Advocate general: quash Schiphol fire conviction
The Amsterdam court that last year convicted a Libyan national of starting a fire that in 2005 killed 11 immigrants in a prison near Schiphol airport must reverse its verdict, recommends the advocate general of the Supreme Court, as it consider an appeal against the ruling.
Last year, the Amsterdam court convicted Ahmed al-J. surname withheld of starting the fire at the Schiphol airport detention centre. The prosecution claimed the fire started in the suspect's cell after he threw away a cigarette.
The court ruled, however, that the man was not responsible for the fatal consequences of the fire and sentenced him to 18 months in prison, which he had already spent in pre-trial detention. Two weeks after the verdict, he was expelled from the country.
Insufficient According to the advocate general of the Supreme Court, the court partially based its conviction on an expert report which, in turn, drew on a report compiled by the Dutch Safety Board. The advocate general argues that such a procedure is not lawful.

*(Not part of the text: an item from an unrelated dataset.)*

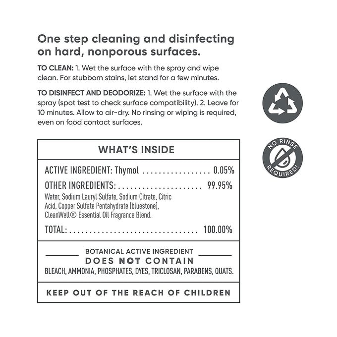 Ingredients: Active Ingredient: Thymol 0.05% // Other Ingredients: Water, Sodium Lauryl Sulfate, Copper Sulfate Pentahydrate (Bluestone), Citric Acid, Sodium Citrate, Cleanwell® Essential Oil Fragrance Blend.

Furthermore, the advocate general considers that the evidence that was presented to prove that the arson had been premeditated was insufficient. He also regards the court's refusal to allow the defence to hear an expert witness as insufficiently motivated.
The findings presented by the advocate general to the Supreme Court have an advisory nature. The Supreme Court does, however, tend adopt the advocate general's advices. The Supreme Court will rule on the appeal lodged by Mr Al-J. on 14 December.